I was a teenager when I first got into bird photography, as a means of recording what I'd seen, but then it almost became an end in itself. The first camera was a Petri Flex5 SLR, with a Hanimex 400mm F6.3 lens. I don't think I bought the standard lens for it 'til later. The telephoto had a pre-set diaphragm, so you had to decide on the aperture before the shot, but anything above F8 and the image was too dark for the manual focussing. There was no in-camera exposure meter, so you had to rely on a hand held one, which didn't always tally with what the lens was looking at. Usually, by the time you had sorted out exposure, focus and framing, the bird was long gone. Eventually the lens diaphragm collapsed, so it became junk. I upgraded to the "in" camera at the time, a Pentax Spotmatic, which had built-in through the lens metering, and a Dallmeyer Adon 14 inch F4.5 lens (equivalent to about 350mm) - a British product, believe it or not. It was robust and sharp, reasonably priced (I couldn't afford the equivalent Kilfitt model!) and I still have it. I eventually progressed to the Canon A system, and onward to the EOS cameras, the digital derivatives of which I use now.
The films of the day were still dominated by black and white negative stock, which I developed myself. Judging by the amount of dirt on the negatives, I must have used water straight from the nearest ditch. Colour print film in the 1960's was dire to say the least. Slide films were limited by their speed. Kodachrome 25 was best for colour, but too slow (at ISO 25) for birds. Kodak High Speed Ektachrome at ISO 160 was reasonable, but colour saturation wasn't great, and it had very poor exposure latitude of about half a stop. There was an American brand called Ansco, at ISO 200, but was virtually devoid of colour and had grain the size of golf-balls. Eventually, decent high speed colour slide stock came along with Fuji.
My first ever photographic outing was to Filey Brigg, where, unbelievably, there was a Grey Phalarope, of which I got some pictures - a bit "dot in the distance", but I was hooked.
Here are one or two B&W golden oldies - heavily digitally manipulated from scanned negatives! They were all taken around the late '60's, early '70's.
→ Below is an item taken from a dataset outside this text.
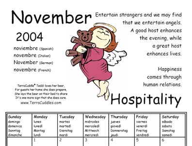 TerraCuddles Calendar November 2004 Hospitality
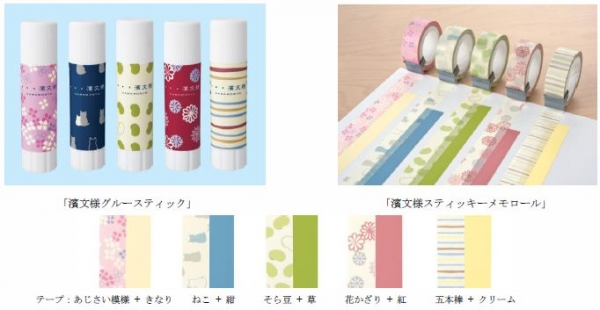 『濱文様』は、横浜伝統の布染手法である捺染(なっせん)をベースに、ユニークな色と柄の世界を表現する和テイストのデザインテキスタイルブランド。主にてぬぐいやハンカチなど、和柄布製品を展開しており、日常に溶け込む洗練されたデザインが、女性に人気。最近では、女性が好む雑貨感覚のおしゃれな文具や女性向けの機能的な文具(『女子文具』)も注目されており、今回発売する「濱文様グルースティック」と「濱文様スティッキーメモロール」もまた、女性を意識した親しみのあるデザイン各5柄をラインアップした。

Guillemot, Bempton. This was a Dallmeyer shot.

Flight photography was very hit and miss. You pre-focussed at a distance that would give a good image size, and then tracked a bird in the hope that it would fly into focus - then you relied on your reflexes to get a sharp shot before it flew out of focus. You wasted a lot of film!


Kittiwake, Filey Brigg. A Hanimex shot.


Red-backed Shrike. Filey CP. Another Dallmeyer picture.


Red-breasted Merganser, Scarborough Harbour. Dallmeyer lens.

Most birds needed to be tame, or you needed a hide to get close.

All of the above nauseating nostalgia serves to demonstrate how technology has moved on, with today's digital, auto-focus, auto-exposure, image stablised, high ISO gear making it easy for anyone who can press a button to get acceptable bird pictures.